Cash-outs hit their highest level of popularity during the wild appreciation streaks in the early and middle years of the last decade. In mid-2006, just before home values began deflating across the country, the rate of cash-outs hit 88%, according to Freddie Mac, which monitors refinancings quarterly.

This meant that nearly 9 out of 10 refinancers whose loan files were sampled by Freddie Mac increased the size of their mortgage balance by at least 5% in the process. It was the heyday of the pile-on-more-debt mind-set — cash me out, I can't lose on my real estate — that came crumbling down in 2007 and 2008, when home equity holdings shrank drastically and painfully…
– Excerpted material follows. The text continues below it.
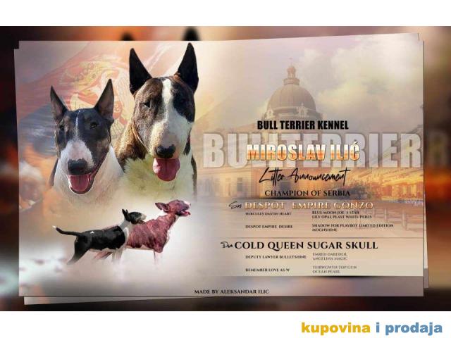 Standard Bull Terrier stenci na prodaju, ostenjeni 18.12.2023. Vrhunskog porekla, roditelji iz registrovanih odgajivačnica (Despot Empire i Sugar Skull). Prodaju se sa rodovnicima, sa svim primljenim vakcinama. viber, whats app: +381(0)69/078-50-58 miroslav.misel@yahoo.com Miroslav Ilić: Sremska Mitrovica/Mačvanska Mitrovica

Now the pendulum in consumer psychology appears to be swinging toward reduction of household debt — whether on credit cards or mortgages.

In Freddie Mac's latest quarterly survey of refinancings, 33% of homeowners put cash into the deal to lower their mortgage balances, the highest percentage ever. By contrast, only 27% of refinancers took cash out — the lowest percentage on record…

Cash-ins, in effect, are a disciplined form of saving — one that in today's depressed rates for competing types of savings might be an astute financial move.

I suggested earlier any signs like this of consumer deleveraging could have severe consequences for the economy. Consider that in 2005, homeowners cashed out roughly $1.4 trillion of their homes' equity. This is equivalent to fully 10% of total United States GDP.

Obviously, after the devastation in home prices we've witnessed over the past five years this level of “cash-outs” will not be seen again for a very long time. That equity is gone and thus so are the cash-outs. 10% of GDP has essentially vanished since the real estate bubble popped. Should homeowners continue to gravitate towards an attitude represented by the “cash-in” trend that will make for an even larger economic headwind. 

What is even more troublesome is that while the Fed and Congress have great power to influence the banking system to increase the flow of credit they have very little power to encourage consumer spending if households are focused on shoring up their balance sheets. This is why I am prepared for a prolonged period of sub-par economic performance in both my businesses and my investments.